Set the ``task`` argument to ``regression`` and specify the ``label`` argument to correspond to a column in the metadata that you aim to predict.
::
    python scripts/scGO.py train --gene_expression_matrix demo/baron_data_filtered.csv --task regression --epoch 100 --batch_size 8 --meta_data demo/baron_meta_data_senescence_score.csv --label senescence_score --model models/scGO.senescence_score.demo.pkl

**4. Predicitng new data**

Load pre-trained model and predict new data.
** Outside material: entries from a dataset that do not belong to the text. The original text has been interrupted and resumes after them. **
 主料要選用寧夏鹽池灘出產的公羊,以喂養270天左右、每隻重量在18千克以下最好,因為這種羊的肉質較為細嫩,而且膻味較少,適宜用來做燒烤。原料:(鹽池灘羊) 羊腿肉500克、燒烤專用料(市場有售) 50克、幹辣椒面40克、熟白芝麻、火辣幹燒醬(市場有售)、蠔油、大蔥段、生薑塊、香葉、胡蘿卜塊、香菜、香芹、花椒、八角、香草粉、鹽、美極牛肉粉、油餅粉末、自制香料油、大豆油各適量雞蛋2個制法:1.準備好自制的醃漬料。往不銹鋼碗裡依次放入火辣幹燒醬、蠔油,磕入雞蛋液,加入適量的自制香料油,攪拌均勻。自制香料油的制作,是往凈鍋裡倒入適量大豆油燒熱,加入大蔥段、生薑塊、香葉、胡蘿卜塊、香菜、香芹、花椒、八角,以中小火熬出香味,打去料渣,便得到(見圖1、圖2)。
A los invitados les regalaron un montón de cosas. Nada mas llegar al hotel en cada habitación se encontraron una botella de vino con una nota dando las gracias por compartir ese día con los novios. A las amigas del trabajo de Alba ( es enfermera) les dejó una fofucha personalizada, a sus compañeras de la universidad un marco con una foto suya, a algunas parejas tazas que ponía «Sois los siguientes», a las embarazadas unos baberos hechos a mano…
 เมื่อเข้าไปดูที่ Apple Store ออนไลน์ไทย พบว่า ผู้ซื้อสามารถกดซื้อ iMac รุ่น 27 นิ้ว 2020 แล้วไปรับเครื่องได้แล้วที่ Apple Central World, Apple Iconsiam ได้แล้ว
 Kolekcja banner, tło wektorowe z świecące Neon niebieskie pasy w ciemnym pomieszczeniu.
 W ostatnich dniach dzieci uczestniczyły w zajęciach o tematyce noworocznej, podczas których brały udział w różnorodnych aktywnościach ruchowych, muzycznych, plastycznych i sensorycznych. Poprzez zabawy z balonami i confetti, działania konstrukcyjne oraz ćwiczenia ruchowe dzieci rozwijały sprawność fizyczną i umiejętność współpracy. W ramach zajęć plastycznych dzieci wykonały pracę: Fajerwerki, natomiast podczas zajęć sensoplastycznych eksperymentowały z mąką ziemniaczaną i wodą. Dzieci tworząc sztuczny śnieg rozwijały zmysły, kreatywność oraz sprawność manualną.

The predicted results include a predicted cell type label along with the predicted value. 
::
    python scripts/scGO.py predict --gene_expression_matrix demo/baron_data.csv --task regression --model models/scGO.senescence_score.demo.pkl --output demo/baron_meta_data_senescence_score.predicted.csv

After the data processing and model training, the following files should be generated by scGO. The trained model will be saved in the ``./models/`` folder. You can utilize this model for making predictions in the future.
::
    demo
    ├── baron_data.csv
    ├── baron_data_filtered.csv
    ├── baron_data_filtered.predicted.csv
    ├── baron_meta_data.csv
    ├── baron_meta_data_senescence_score.csv
    ├── baron_meta_data_senescence_score.predicted.csv
    ├── feature
    ├── gene_TF_dict
    ├── gene_to_TF_transform_matrix
    ├── goa_human.gaf.zip
    ├── GO_mask
    ├── GO_TF_mask
    ├── test_data.csv
    ├── TF_annotation_hg38.demo.tsv
    ├── TF_gene_dict
    └── TF_mask
    models
    ├── scGO.demo.pkl
    └── scGO.senescence_score.demo.pkl


The execution time for each demonstration is estimated to be approximately 0-3 minutes.